The paper defines scientific taste as the capacity to judge and propose research ideas with high potential impact, a hallmark of great scientists. While recent AI research has focused on improving AI scientists' executive capabilities (e.g., literature search, automated experimentation), enhancing their scientific taste remains underexplored.

The theoretical foundation draws from philosophical notions of taste (Hume, Kant) as a shared community standard rather than individual preference. In science, this community verdict is reflected through long-term interactions, primarily via citations, which serve as a proxy for a paper's impact.

The authors formalize key concepts:

  • Potential Impact (I(p)I(p)): The cumulative expected citations of a paper pp. I(p)=limNt=1NE[ct(p)]I(p) = \lim_{N \to \infty} \sum_{t=1}^{N} \mathbb{E}[c_t(p)] where ct(p)c_t(p) is citations in year tt.
  • Judgement Capability (JudgeCap($\theta$)): A model θ\theta's accuracy at comparing the impact of two papers (pa,pb)(p_a, p_b) from a matched distribution D\mathcal{D}. JudgeCap(θ)=E(pa,pb)D[1[Judgeθ(pa,pb)=y(pa,pb)]]\text{JudgeCap}(\theta) = \mathbb{E}_{(p_a,p_b)\sim\mathcal{D}}[\mathbb{1}[\text{Judge}_\theta(p_a, p_b) = y(p_a, p_b)]] where y(pa,pb)=1y(p_a, p_b)=1 if I(pa)>I(pb)I(p_a) > I(p_b).
  • Ideation Capability (ThinkerCap($\phi$)): The expected impact of ideas generated by a model ϕ\phi given a seed paper ss. ThinkerCap(ϕ)=EsS[I(Thinkerϕ(s))]\text{ThinkerCap}(\phi) = \mathbb{E}_{s\sim\mathcal{S}}[I(\text{Thinker}_\phi(s))]
  • Scientific Taste: The combination of high JudgeCap and high ThinkerCap.

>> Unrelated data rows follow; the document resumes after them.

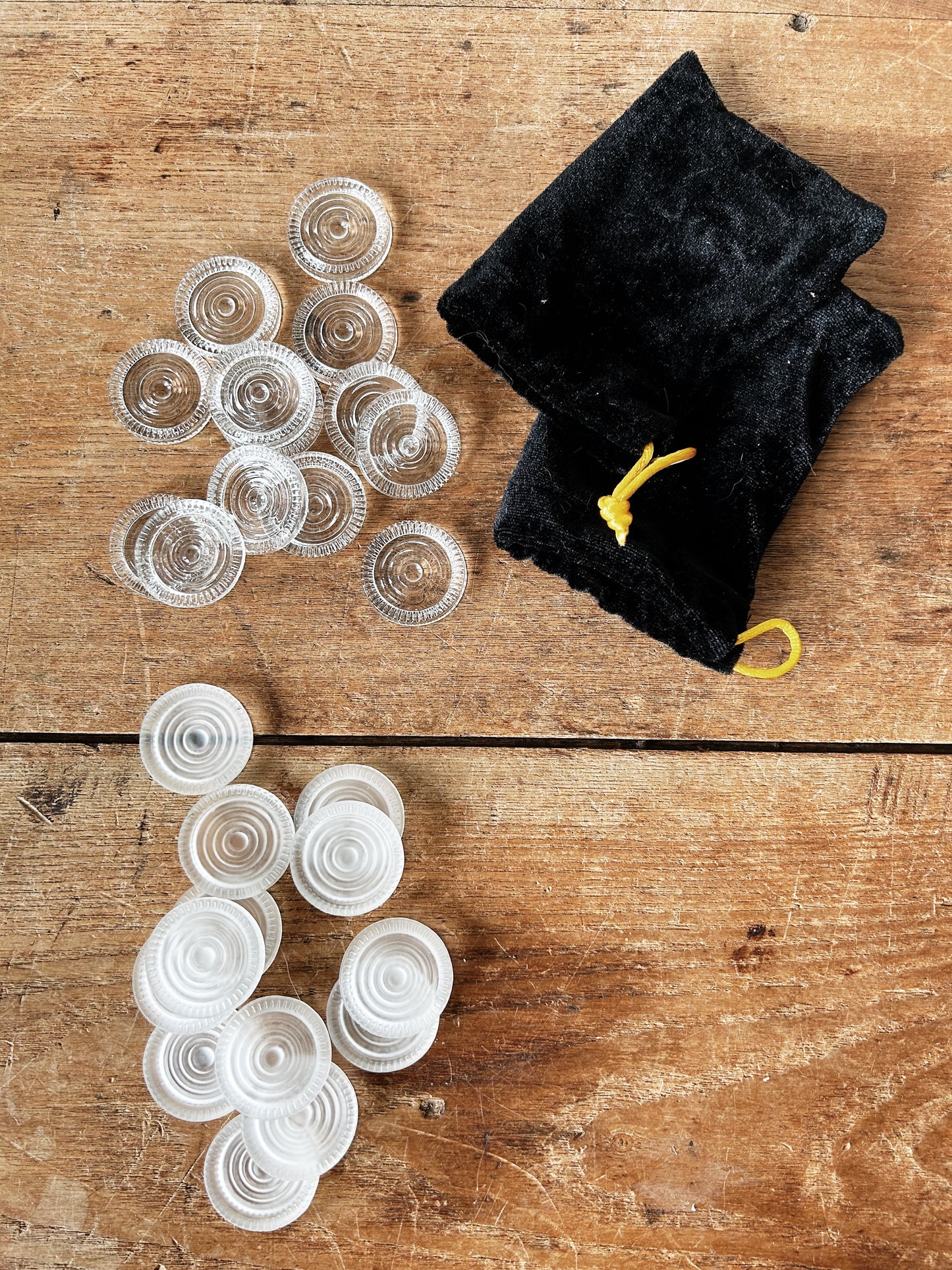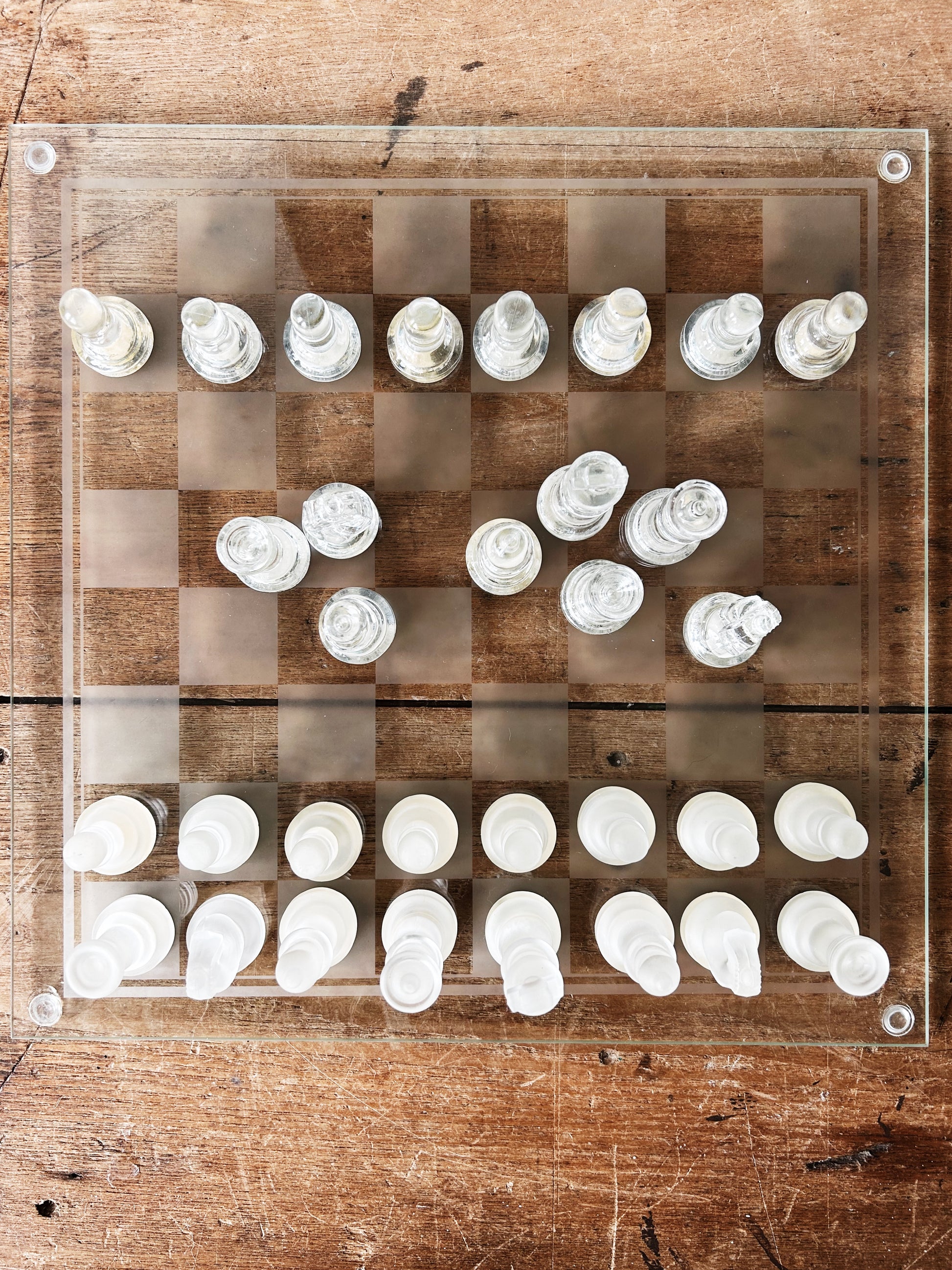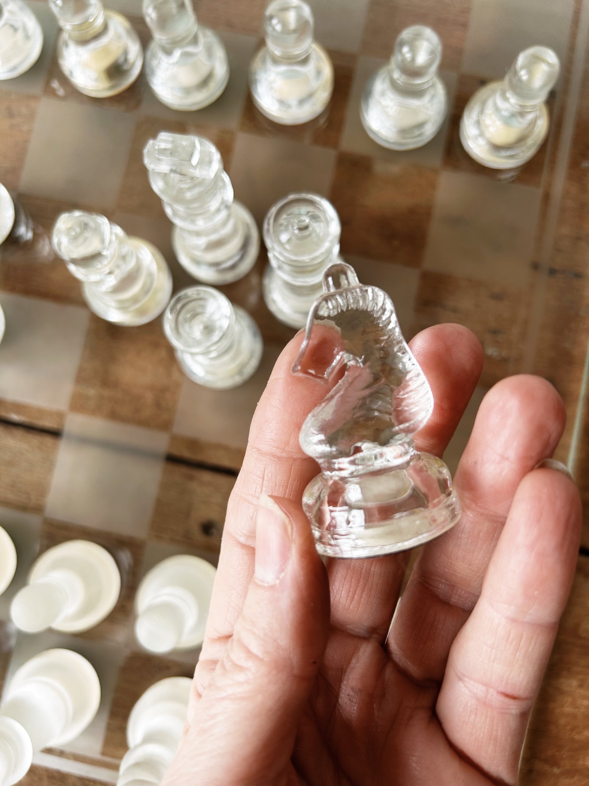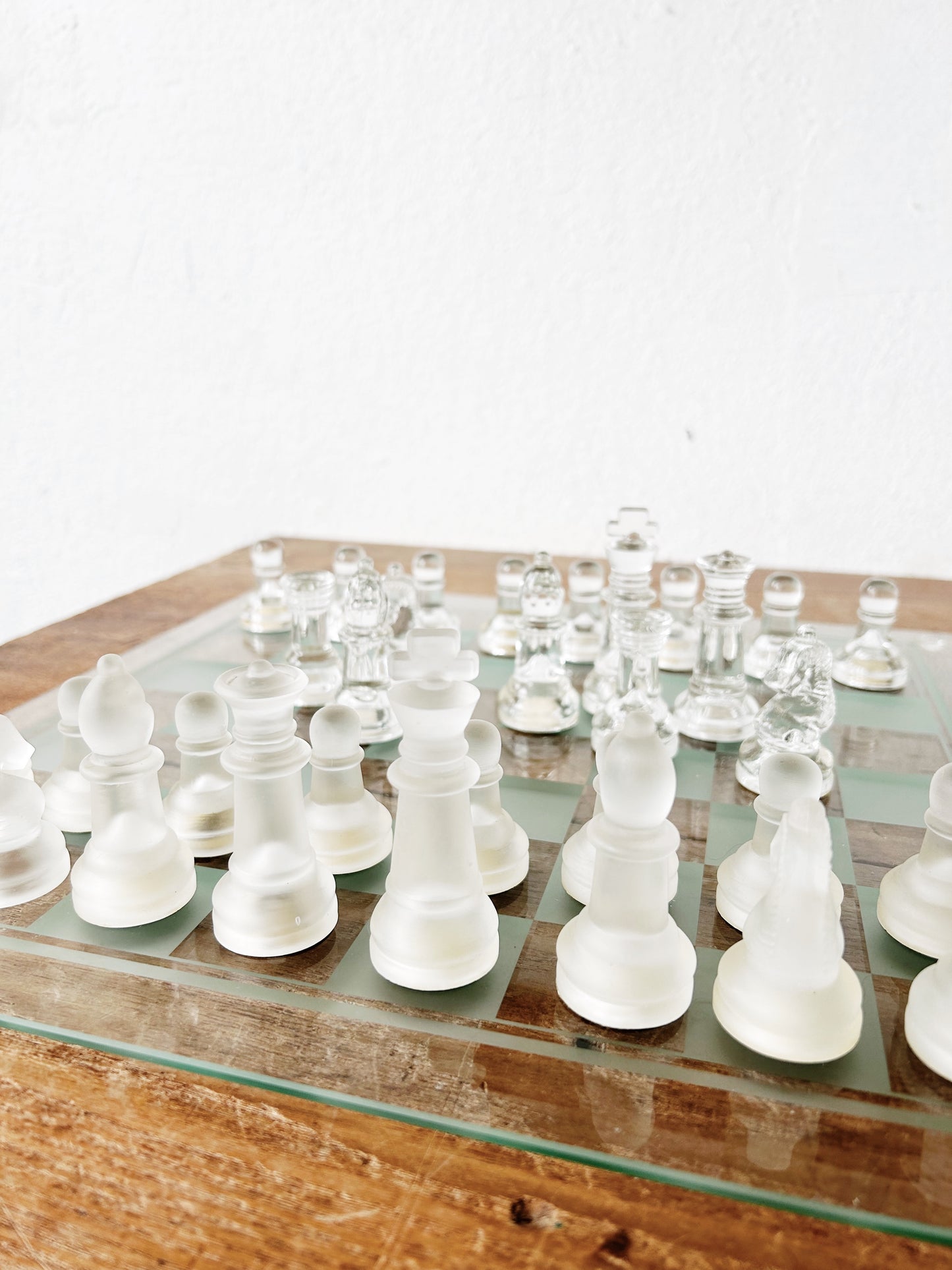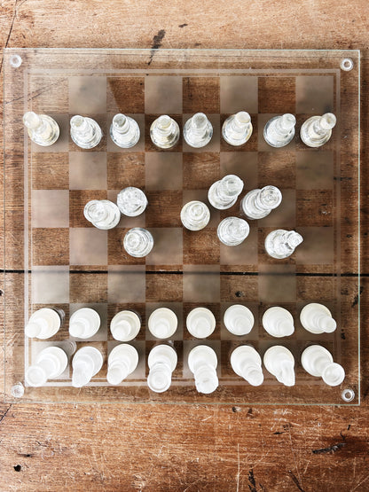 14x14” frosted game board, 32 chess pieces, 24 checkers.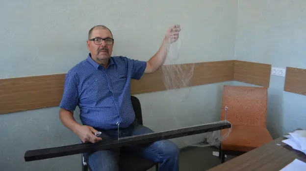 Для плетения маскировочных сетей мужчина сделал станок, плетет из рыболовной лески толщиной 0,3 мм в основном по вечерам, летом помогала внучка. За три месяца сельчанин изготовил и передал в зону СВО 30 сетей.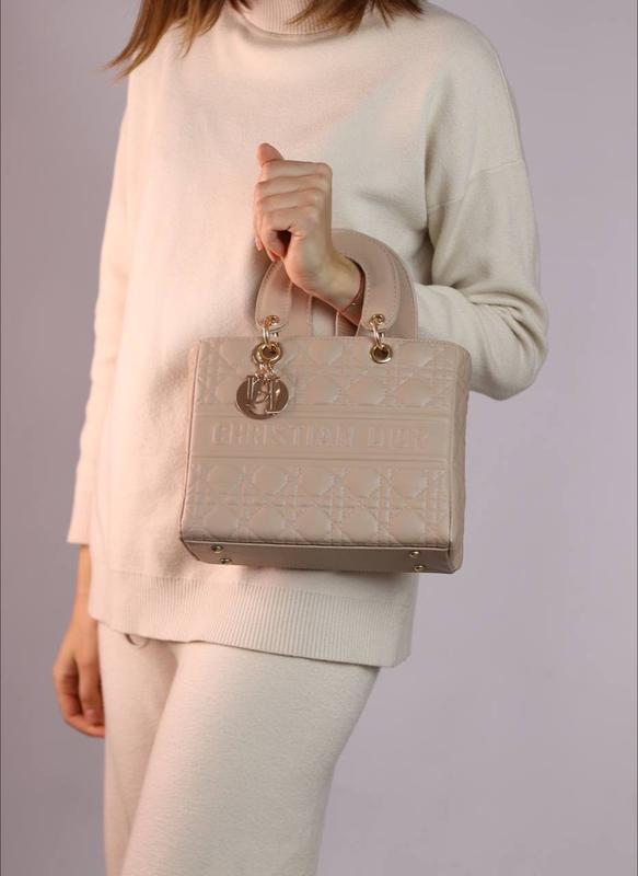CHRISTIAN DIOR lady beige Арт: 1015 Описание: 💎Размер: 24х19х9 💎Материал: Эко кожа Сумка выполнена из эко кожи с отстрочкой Cannage, имеет одно большое отделение, которое закрывается на застежку. Подкладка текстильная бордового цвета. Имеет боковой внутренний кармашек, который закрывается на молнию. Плечевой ремень изготовлен из эко кожи на карабинах и регулируется по длине от 70 см до 130 см. Можно носить в руке или через плечо. Фурнитура золотистого цвета. Упаковка: брендовая коробка, бумага, наполнитель, наклейка.

The core idea is to formulate scientific taste learning as a preference modeling and alignment problem, using community feedback as the source of preference signals.

Methodology

The proposed Reinforcement Learning from Community Feedback (RLCF) paradigm consists of three stages (see Figure 2):

  1. Construct Community Preference: Build SciJudgeBench, a dataset of 700K pairwise comparisons. For each pair, two paper abstracts from the same field and publication year are matched, with the higher-cited paper labeled as preferred. This controls for field and time biases in raw citation counts.

  2. Preference Modeling (Train Scientific Judge): Train a generative reward model to predict the preferred paper in a pair. Training uses Group Relative Policy Optimization (GRPO). For an input xx (paper pair), the policy πθ\pi_\theta samples a group of GG outputs {oi}i=1G\{o_i\}_{i=1}^G (each containing reasoning and a prediction). The reward rir_i is 1 if the prediction matches the true label yy, else 0.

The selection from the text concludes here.